The Day – Hulu sitcom ‘Reservation Dogs’ lets Indigenous teens show off their fun side

“Reservation Dogs” gets high marks for being the first major television series entirely directed and written by Indigenous people. But don’t log in just because of it; watch because it’s funny.

The show, now airing on Hulu, stars a group of teenagers ready to have meat pies and steal a truckload of hot fries as part of their ongoing efforts to raise enough money to get out of their rural town of Oklahoma.

Along the way, they come across a gang that mows down their rivals with paintball guns, a reservation agent addicted to energy drinks, and a distant uncle who gets high more than Willie Nelson. There’s also some sort of Guardian Angel, a ghost warrior who died in the Battle of Little Big Horn after his horse tripped over a gopher hole.

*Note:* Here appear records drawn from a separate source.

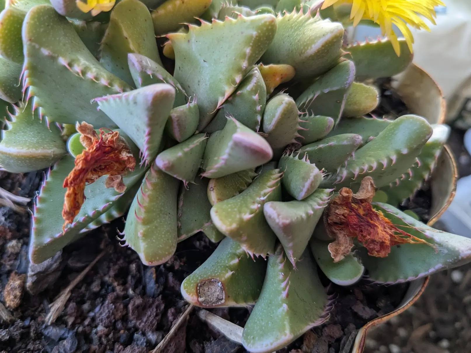 Cat Chap, Tiger Jaws, Cat Jaws, Wolf-mouth MesembDescription: Faucaria felina iss a compact leaf succulent forming unusual clumps of fleshy, boat-shaped, toothed leaves
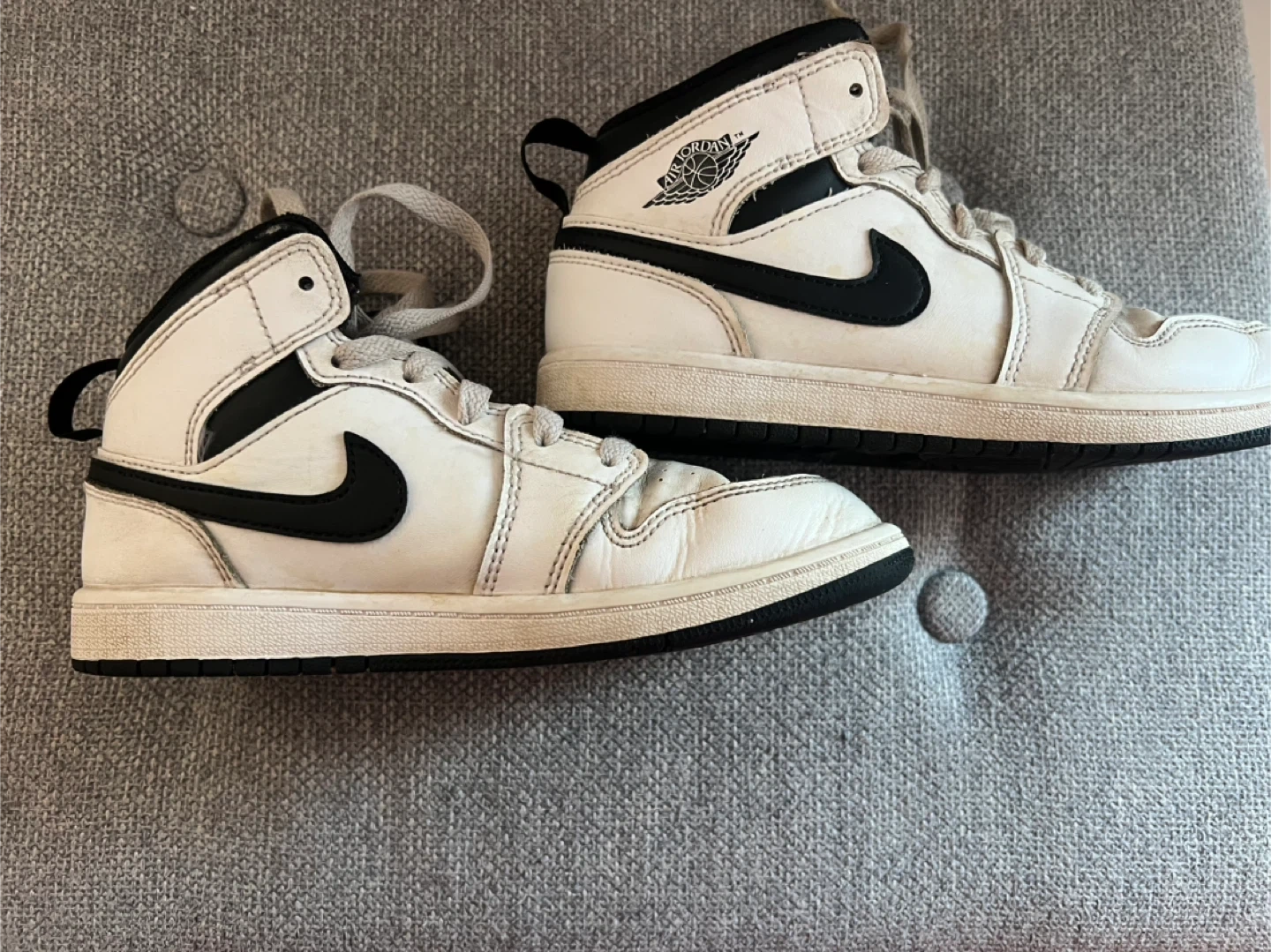 Kids sized Air Jordan Mid SE shoes. White leather upper with black accents. Classic high-top silhouette.
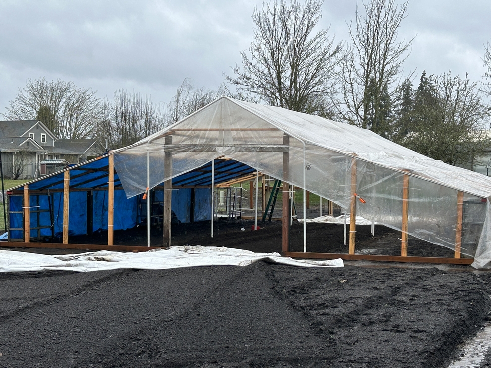 This morning I started putting on the rest of the plastic. It wasn't supposed to start raining until noon.but it started raining shortly after I began. I got plastic on one side & put up a couple tarps on the other side while getting poured on. And yes, it does leak some, but it isn't really too bad. Three hours & a half-inch of rain later I was finished.
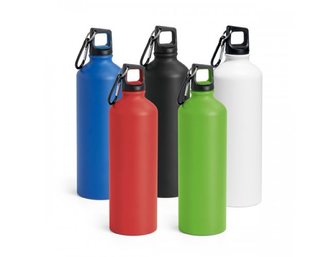 Squeeze. Alumínio. Acabamento matt. Com mosquetão. Capacidade até 800 ml. Food grade.
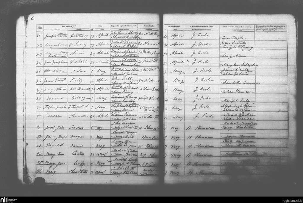 St. Michan's, Dublin city; County of Dublin; Archdiocese of Dublin. Baptisms, Apr. 1877 to May 1877
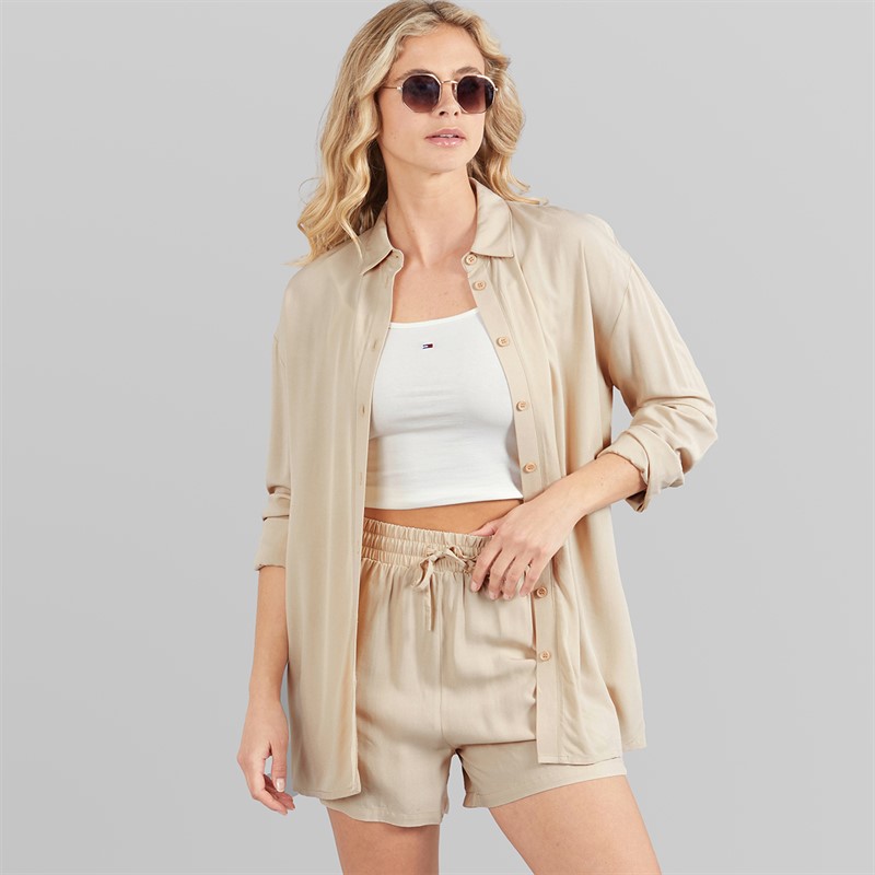 Board Angels Womens Co-Ord Long Shirt And Shorts Set Ecru
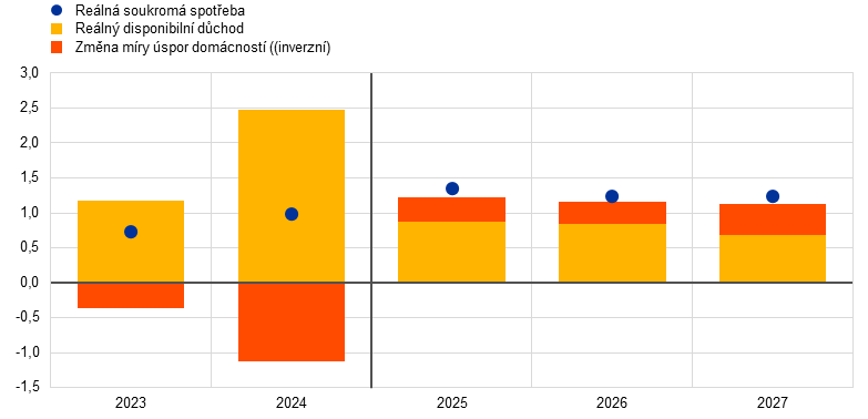 Výhled hospodářského růstu eurozóny je zastřen obchodním napětím a zvýšenou mírou nejistoty ve světě. Pro rok 2025 jako celek jsou tyto vlivy částečně vyrovnány silnější hospodářskou aktivitou v prvním čtvrtletí oproti očekáváním, což pravděpodobně odráží předzásobení dovozu v očekávání vyšších cel. Ve střednědobém horizontu by hospodářskou aktivitu měla podporovat nedávno oznámená nová fiskální opatření. Podle základní projekce by americká cla na zboží z EU, která byla zvýšena na 10 %, měla zůstat v platnosti po celý horizont projekcí. Společně se zvýšenou mírou nejistoty spojenou s obchodní politikou a nedávným zhodnocením eura budou vyšší cla tlumit vývoz z eurozóny a investice a v menším rozsahu spotřebu. Naopak nové vládní výdaje na infrastrukturu a obranu zejména v Německu by měly od roku 2026 podpořit domácí poptávku v eurozóně. Celkově přetrvávají podmínky pro to, aby růst HDP v eurozóně v horizontu projekcí posílil. Postupné hospodářské oživení by měly podpořit zejména rostoucí reálné mzdy a zaměstnanost, méně restriktivní podmínky financování, které odrážejí především nedávná měnověpolitická rozhodnutí, a zotavení zahraniční poptávky později ve sledovaném období. Průměrné meziroční tempo růstu reálného HDP by mělo dosáhnout hodnoty 0,9 % v roce 2025, 1,1 % v roce 2026 a 1,3 % v roce 2027. V porovnání s makroekonomickými projekcemi z března 2025, které sestavili odborníci ECB, zůstává výhled růstu HDP pro rok 2025 beze změny, což oproti očekáváním odráží lepší aktuální data, u nichž se předpokládá, že budou do značné míry kompenzována vlivem napětí v obchodních vztazích a posilováním směnného kurzu eura. Obchodní napětí a silnější směnný kurz vedly k revizi růstu pro rok 2026 směrem dolů, zatímco růst pro rok 2027 zůstal nezměněn.[1]

“There was a time when content about indigenous peoples had to be depressing,” said co-creator Taika Waititi, who won an Oscar last year for writing “Jojo Rabbit”. “For a long time people just wanted to see us ride whales, talk to trees, play the flute on top of the mountains and learn something from our grandmother. And that’s it. That’s all they did. were waiting. Distorting those expectations is a powerful thing. “

Waititi teamed up with longtime friend Sterlin Harjo, who based much of the show’s premise on his own upbringing in rural Oklahoma. He dots many references to the movies he grew up on, including “Friday”, “Stand by Me” and “The Goonies”. One of the teenagers even bears the name of a character from “Willow”. But he was also determined to spread Native American stereotypes without crossing the boundaries of ridicule.

“Non-natives are always afraid to laugh at native things because they’ve been so trained to see us seriously and act like we are precious,” Harjo said. “You have to kind of give them permission to laugh and say, ‘We’re funny people too. “”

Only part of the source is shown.